Table 4 Summary of significant between-population map comparison results
Figure 2
figure 2

Population-specific comparisons of map interval lengths. The - log10(p-values) measuring map interval differences are plotted in chromosomal order, with chromosomes shown in alternating colors for clarity. The green line indicates the p = 0.05 significance threshold while the red line indicates the Bonferroni-corrected significance threshold.

Figure 3
figure 3

Chromosomal length comparisons between populations. The chromosomal lengths are depicted in different colors (red vs. blue) as shown in the legend. The chromosomal length is expressed in Haldane cM on the Y-axis, while the X-axis indicates chromosomes.
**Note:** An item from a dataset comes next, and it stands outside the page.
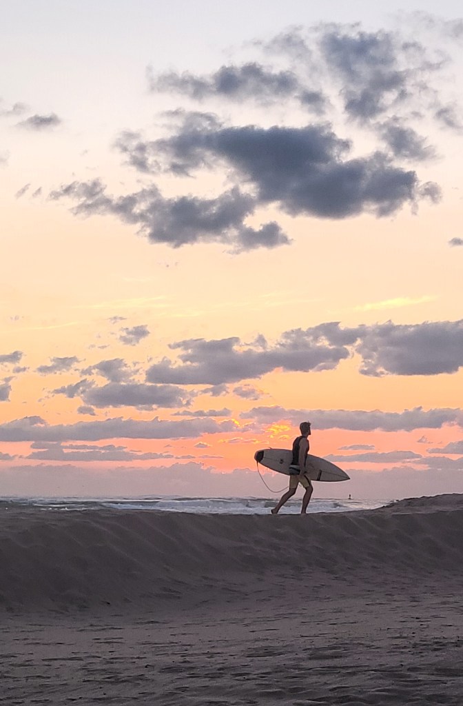 Our October pilgrimage would not be complete without morning beach walks glancing at a beautiful sunrise. I noticed something different this time around. The sunrise happened at around 7:24 am. People arrived at the park’s boardwalk slowly and quietly as if entering a church. Surfers waited for the sunrise every morning while studying the waves. Unlike watching people laughing out loud, taking many photos and selfies during the sunset hour, I noticed everybody submerged in awe as the sun came out. There was silence. Nobody was talked, and only a few took pictures. It was as if we were looking at God himself. In many ways, we were.

Several significant differences were identified when comparing the European and Chinese data. The European map was significantly longer than the Chinese map (European = 4,185 cM, Chinese = 4,036 cM, p = 7.29E-08); most chromosome maps were longer with chromosomes 4 and 14 being statistically significant (p = 0.04 and p = 1.47E-04, respectively); and one specific map interval was significantly longer in the European map (5.3 cM) compared with the Chinese map (1.7 cM): 8p: D8S1130-D8S1106 (p = 1.17E-05) (Table 4). An 8p inversion polymorphism has been previously reported at this map location[36].

We did not observe any significant map interval differences between the Hispanic and European maps after the correction for multiple testing. However, two chromosomes, chromosome 1 (p = 0.01) and the X chromosome (p = 0.01), showed significant differences in length. The chromosome 1 and X maps were 12% and 26% longer in Europeans than in Hispanics, respectively. The overall map length was also significantly different (European = 4,183 cM, Hispanic = 3,997 cM, p = 2.96E-05), with the European map about 5% longer than the Hispanic map (Table 4).

The Chinese and Hispanic samples were also compared with each other using the Weber set 10 markers. The smallest p-value was observed at the map interval D10S189-D10S1412 on chromosome 10, but it is not genome-wide significant (p = 0.26). For the map length comparisons, the difference was significant only for chromosome 14 (p = 0.04), where the Hispanic map was about 23% longer than the Chinese (Table 4). The overall Hispanic map was about 2% shorter than the Chinese map, which is not significant (Chinese = 4,063 cM, Hispanic = 3,997 cM, p = 0.19).

African American data were genotyped using the Weber set 9. When comparing it with the European data, we did not observe any map interval differences of genome-wide significance after the correction for multiple testing. The smallest p-value is only 0.14 which was located at the map interval D16S748-D16S764 on chromosome 16. The African American data had longer map lengths for all the autosomes, whereas the map length for the X chromosome was nearly the same. The differences are significant for eight chromosomes (1, 2, 5, 6, 11, 18, 19, and 21). Finally, the difference in the overall map length was highly significant (African American = 4,218 cM, European = 4,011 cM, p < 1E-10) between the two populations, with the African American map about 5% longer than the European map (Table 4).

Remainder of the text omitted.